Gov’t identifies funds for MRT 3 takeover

MANILA, Philippines - The Aquino administration has identified the source of funds for the proposed $1-billion complete government takeover of the operations of the Metro Rail Transit line 3 (MRT3) along EDSA within the year.

National Treasurer Rosalia de Leon told reporters on the sidelines of the annual seminar of the Economic Journalists Association of the Philippines (EJAP) that the government could well afford to acquire the stake of private shareholders in the operator of the MRT3.

“Money is not a problem. We (National Government) also have ways and means (to buy the bonds). We have identified some portions of the national budget (that can be used to buy the bonds),” De Leon added.

Last December, Malacañang gave the Department of Transportation and Communications (DOTC) the green light to pursue the complete government takeover to save on equity rental payments, maintenance cost, debt guaranteed payment, insurance expenses, and others being paid by the agency.

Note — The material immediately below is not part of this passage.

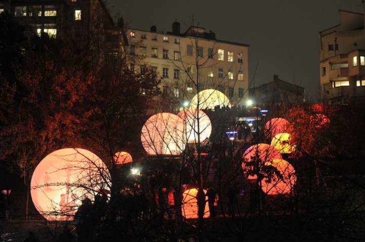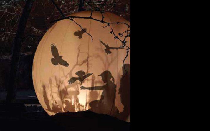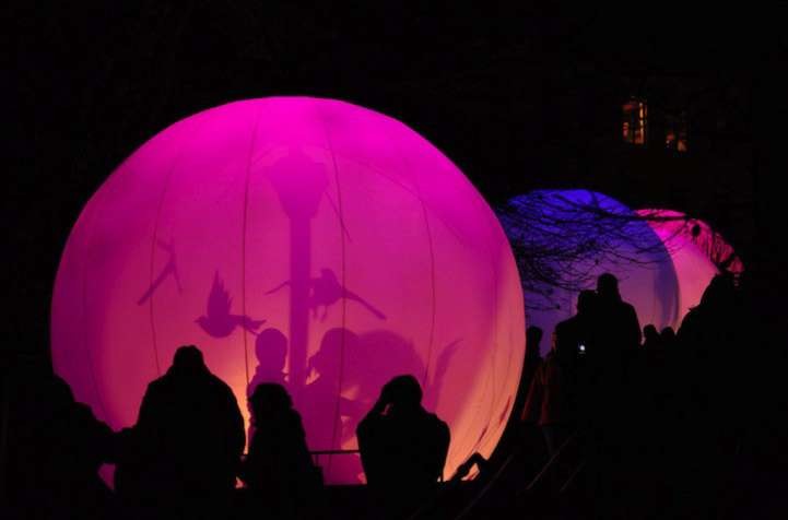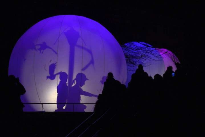 Один из организаторов этого мероприятия, канадский коллектив Lucion Media, завлекают посетителей в парк Grande Côte с помощью огромных ярких шаров, меняющих цвета. Когда гости проходят по лестнице, они видят 12 больших пузырей, пять из которых населяют птицы в вольерах, клетках и гнездах. Вот и получается волшебный театр теней!

The move would also help state-owned government financial institutions (GFIs) particularly Land Bank of the Philippines and Development Bank of the Philippines to unload their interest in MRT3 after receiving several warnings from the Bangko Sentral ng Pilipinas (BSP) regarding its investments in the mass transport system.

President Aquino has issued Executive Order 126 directing the DOTC and the Department of Finance (DOF) to buy out MRT3 from the Metro Rail Transit Corp. (MRTC) pursuant to a build-lease-transfer (BLT) agreement.

In 2003, the MRT line’s private concessionaire MRTC then owned by the Sobrepena family’s Fil-Estate Corp, decided to cash in on its investment in the train line by issuing asset-backed bonds for future equity rental payments.